J’étais très-étonné que M. Peggotty ne
fût pas le père de Ham, et je me demandais si je ne me trompais pas
aussi sur sa parenté avec les autres personnes présentes. J’avais
si grande envie de le savoir, que je me déterminai à le demander à
M. Peggotty.
« Et la petite Émilie, dis-je, en la
regardant. C’est votre fille, n’est-ce pas, monsieur
Peggotty ?
– Non, monsieur.
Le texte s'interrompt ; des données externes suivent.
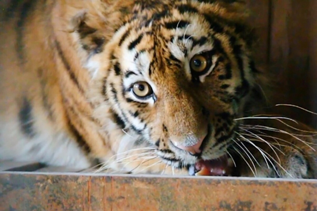 Молодую тигрицу Тесс доставили в Москву из Приамурья. У животного была серьёзные проблемы с пастью: оголенная кость, произошел некроз губы, и неправильно выросли зубы. Специалисты с Дальнего Востока пытались помочь ей, чтобы выпустить в дикую природу, но это оказалось невозможно.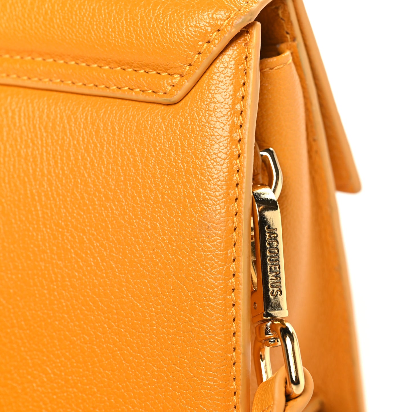This is the authentic JACQUEMUS Smooth Calfskin Le Chiquito Noeud in Orange. This chic bag is crafted of smooth calfskin leather in orange. The bag features a top handle, an optional leather shoulder strap, and gold hardware. The front flap opens to a beige fabric interior with a pocket.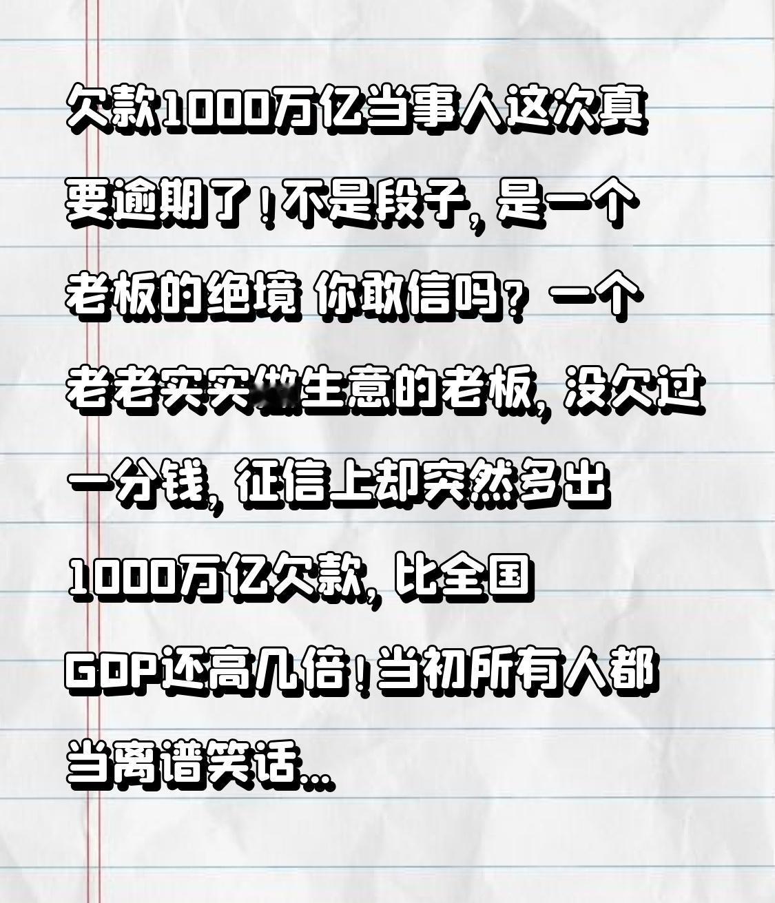 欠款1000万亿当事人这次真要逾期了!不是段子,是一个老板的绝境 你敢信吗?一个老老实实做生意的老板,没欠过一分钱,征信上却突然多出1000万亿欠款,比全国GDP还高几倍!当初所有人都当离谱笑话看,可如今,笑话变成了悲剧——这位当事人,这次是真的要逾期了! 广东中山的覃先生,开了一家制衣厂,勤勤恳恳十几年,信用卡正常用、贷款按时还,从来没有逾期记录。可2022年,他一查征信直接吓傻:云闪付显示他欠款1000万亿元,直接被标成高危用户。 他懵了,银行也懵了,最后承认是系统错误。可错误能删掉,毁掉的人生却回不来。 因为这条荒唐记录,他整整28个月贷不到一分钱。工厂要进货、发工资、付房租,现金流彻底断裂。为了活下去,他把价值700万的货物打折甩卖,亏本一半清库存,客户流失、订单减少、规模缩水,硬生生把好好的厂子拖到崩溃边缘。 他找银行要说法,损失超200万,银行却只肯赔3万块。两边来回踢皮球,问题始终没解决。 真正的转折点来了:荒唐的1000万亿没了,可他却要被125万逼到绝路。 2月23日,覃先生一笔125万贷款到期。因为长期被拒贷、资金链早已扛不住,他实在拿不出钱,逾期已成定局。再还不上,工厂将被拍卖,一辈子心血化为乌有。 他哭着说:我从来没逾期过,是系统把我逼成了逾期。 这件事看哭无数打工人和小老板。我们总觉得银行靠谱、征信安全,可一个莫名其妙的BUG,就能压垮一个守法经营的普通人。系统可以纠错,可生意没了、信誉毁了、家庭难了,谁来负责? 1000万亿是假的,绝望是真的;系统错误是偶然,普通人的无助是真实的。 我们努力生活、诚信做人,不是为了被一场意外打垮。希望相关部门能尽快介入,还他一个公道,别让老实人,寒了心。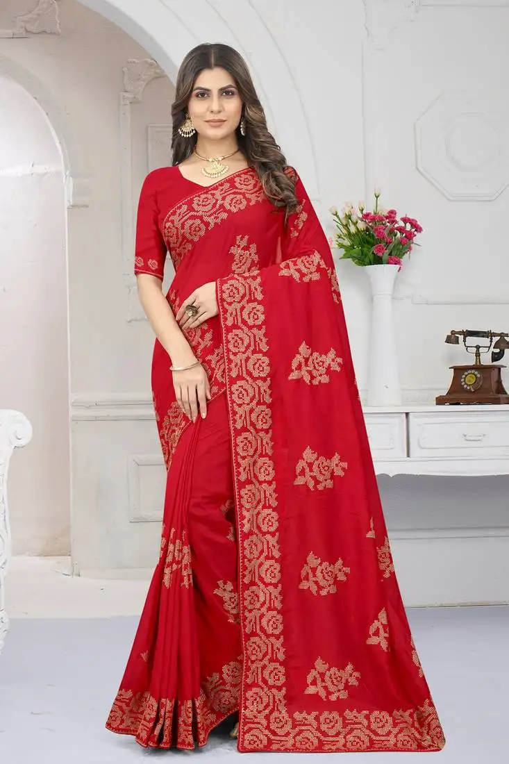 • Women's red zari resham embroidered vichitra silk party wear saree with blouse piece by manu fashion era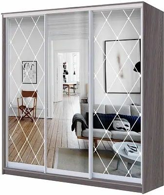 Фасад: 1 дверь Зеркало + 2 двери Зеркало с пескоструйной обработкой

C’était mon beau-frère, Tom,
qui était son père. »
Je ne pus m’empêcher de lui dire après un
autre silence plein de respect : « Il est mort,
M. Peggotty ?
– Noyé, » dit M. Peggotty.
Je sentais combien il était difficile de
continuer sur ce sujet, mais je ne savais pas encore tout, et je
voulais tout savoir. J’ajoutai donc :
« Vous avez des enfants, monsieur
Peggotty.
– Non, monsieur, répondit-il en riant. Je suis
célibataire.
– Célibataire ! dis-je avec étonnement.
Mais alors, qu’est-ce que c’est que ça, monsieur
Peggotty ? » Et je lui montrai la personne au tablier
blanc qui tricotait.
« C’est mistress Gummidge, dit
M. Peggotty.
– Gummidge, monsieur
Peggotty ? »
Mais ici Peggotty, je veux dire ma Peggotty à
moi, me fit des signes tellement expressifs pour me dire de ne plus
faire de questions qu’il ne me resta plus qu’à m’asseoir et à
regarder toute la compagnie qui garda le silence, jusqu’au moment
où on alla se coucher. Alors, dans le secret de ma petite cabine,
Peggotty m’informa que Ham et Émilie étaient un neveu et une nièce
de mon hôte qu’il avait adoptés dans leur enfance à différentes
époques, lorsque la mort de leurs parents les avait laissés sans
ressources, et que mistress Gummidge était la veuve d’un marin, son
associé dans l’exploitation d’une barque, qui était mort
très-pauvre. Mon frère n’est lui-même qu’un pauvre homme, disait
Peggotty, mais c’est de l’or en barre, franc comme l’acier, (je
cite ses comparaisons). Le seul sujet, à ce qu’elle m’apprit, qui
fit sortir son frère de son caractère ou qui le portât à jurer,
c’était lorsqu’on parlait de sa générosité.